In April 1847 Joule delivered a lecture 'On matter, living force and heat' at St Ann's Church reading room, Manchester, which outlined this concept of the conservation of energy. Professional recognition of Joule's work can came when "On the mechanical equivalent of heat", which reported a definitive value for the 'exchange rate' between heat and work, was communicated to the Royal Society in 1849 by Michael Faraday, and published in the Society's Philosophical Transactions.
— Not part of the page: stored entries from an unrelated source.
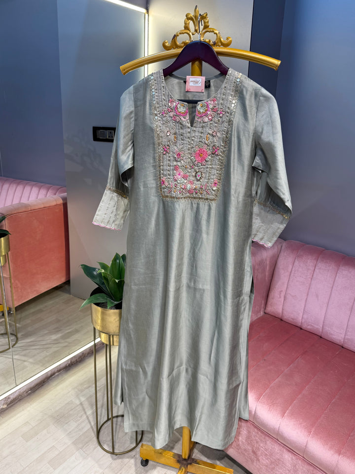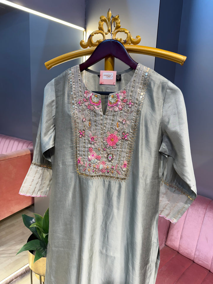 Handworked Kurta set on Pure Tussar Satin Silk with Pant styled bottoms on Pure Tushar Satin Silk.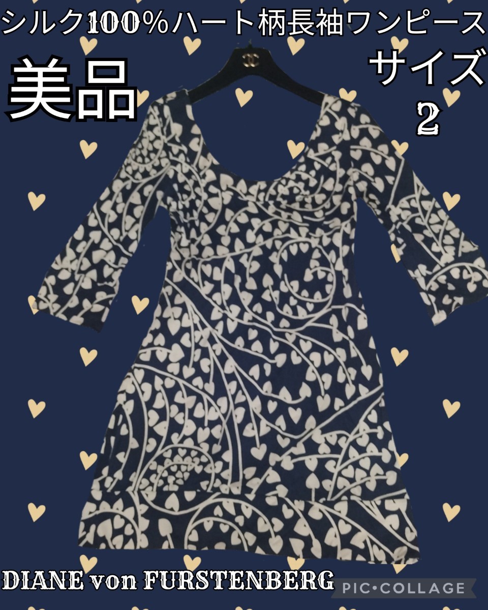 > 美品★DIANE von FURSTENBERG★ワンピース★ひざ丈★シルク★紺★ハート★ネイビー★総柄★ダイアンフォンファステンバーグ★長袖★DVF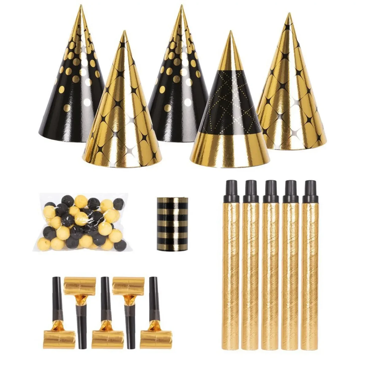Kit cotillons festif or et noir pour 5 personnes – P’TIT CLOWN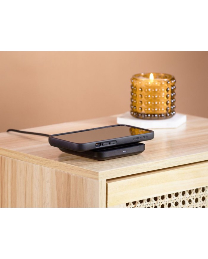 Con una base in alluminio lavorato nero e un cuscinetto antiscivolo morbido al tatto, il caricabatterie wireless si integrerà perfettamente in qualsiasi spazio della tua casa e del tuo ufficio.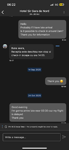 Read moreI arrived in the middle of the night, and the reception told that they have no room for me or nether the cleaner to prepare in the case the hotel will have free room. I wrote the message about my late arriving ON 10 OF SEPTEMBER!! And the answer was: “Buna seara, Receptia este deschisa non stop si check-in incepe cu ora 14:00.” For non native speakers “Good evening, The reception is open 24 hours a day and check-in starts at 2:00 PM.” So now you gonna explain why I need to wait for any room in the middle of the night or ether reception need to prepare that for me? And SECOND what does it mean the way of your communication with the quests? My name and surname was in the list, so you gave the same room twice? The first that I heard on reception was “we don’t have a room”, she even didn’t ask about booking, after my answer that I’ve made a booking WEEKS ago, I got “doesn’t meter, we gave it to someone else, because we don’t do check in at nights”, but I wrote about it and ask on 10th of September and also in the airport before arriving. SO WHY MY BOOKING WAS NOT CANCELLED AT 6pm or 8pm???? but after my arriving around 4am. I saw there are a lot comments like...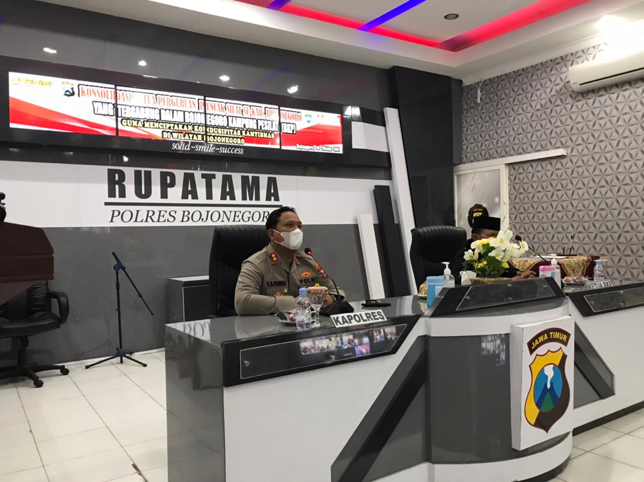 Bojonegoro | MMCNews.Id , – Untuk menciptakan situasi Keamanan Ketertiban Masyarakat (Kamtibmas) di wilayah hukum Polres Bojonegoro, Kapolres Bojonegoro Ajun Komisaris Besar Polisi (AKBP) EG Pandia memimpin Konsolidasi Ketua Perguruan Pencak Silat Se Kabupaten Bojonegoro yang tergabung dalam Bojonegoro Kampung Pesilat (BKP) yang digelar di Gedung Rupatama AP I Rawi Mapolres Bojonegoro, (6/10/2021).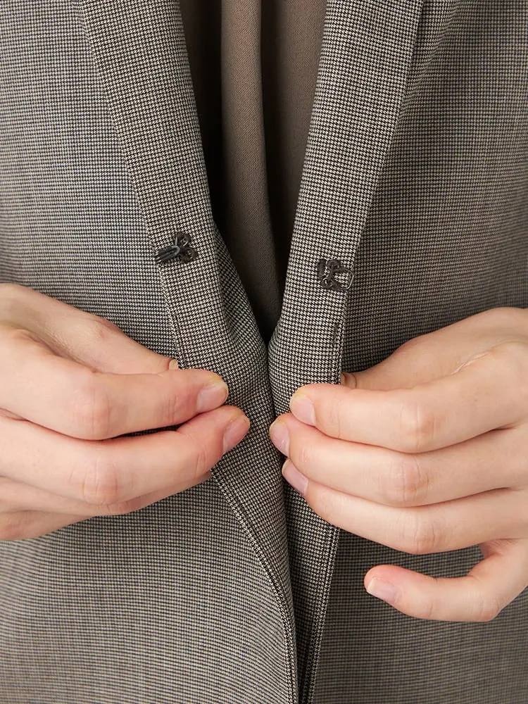 【SOFFICE】 ウーリーポリエステルオックス メタル調 4つボタン ジャケット 長袖布帛 ソフィーチェ ウォッシャブル ストレッチ 通年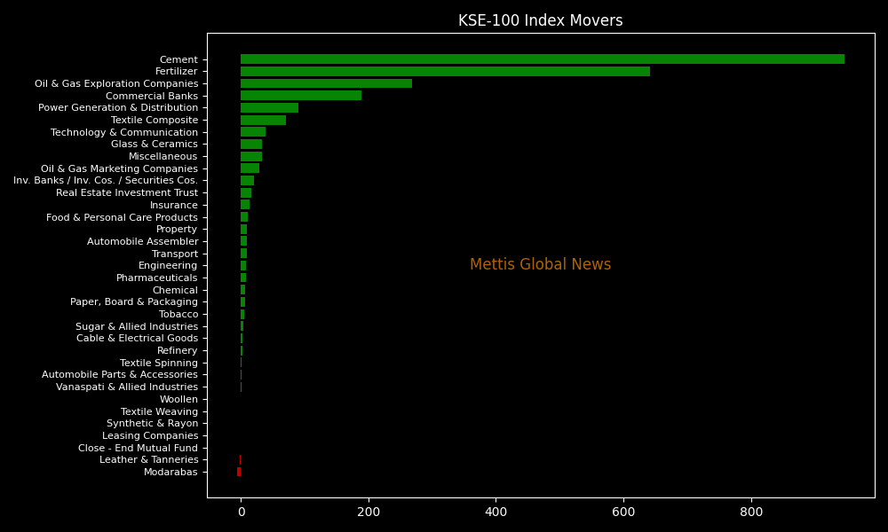 Sector-wise, KSE-100 Index was supported by Cement (+946.06pts), Fertilizer (+640.97pts), Oil & Gas Exploration Companies (+268.68pts), Commercial Banks (+189.15pts), and Power Generation & Distribution (+89.65pts).

After the 1850s Joule played a lesser role in the emerging subject of thermodynamics, but he continued to experiment. He established, with William Thomson, the Joule-Thomson effect, by which the temperature of a gas or liquid changes when it is forced through a valve while kept insulated so that no heat is exchanged with the environment. This was to be used in the liquefaction of gases. In one of his last papers 'New determination of the mechanical equivalent of heat' (1878) he repeated his 1849 experiments for the mechanical equivalent of heat, with his findings agreeing with his earlier experiments [the figures were later revised by others].
Joule was elected F.R.S. in 1850. He became a member of the Society's Council in 1857 and was recipient of its Gold Medal in 1852, and the Copley Medal in 1870. He was awarded of £200 civil list pension in 1878. Joule was an active member of the Manchester Literary & Philosophical Society; having first been elected in 1842, he served as the Society's librarian, honorary secretary, and vice-president, and was twice president (1860 and 1868).
Joule married Amelia Grimes in 1847, the daughter of the Liverpool Comptroller of Customs; they had a son and daughter. His wife died following the birth of a second son (who also died) in 1854. Joule died on 11 October 1889 at his home in Wardle Road, Sale, Cheshire.
In 1948 the ninth general conference on weights and measures introduced a new set of scientific units known as the Joule.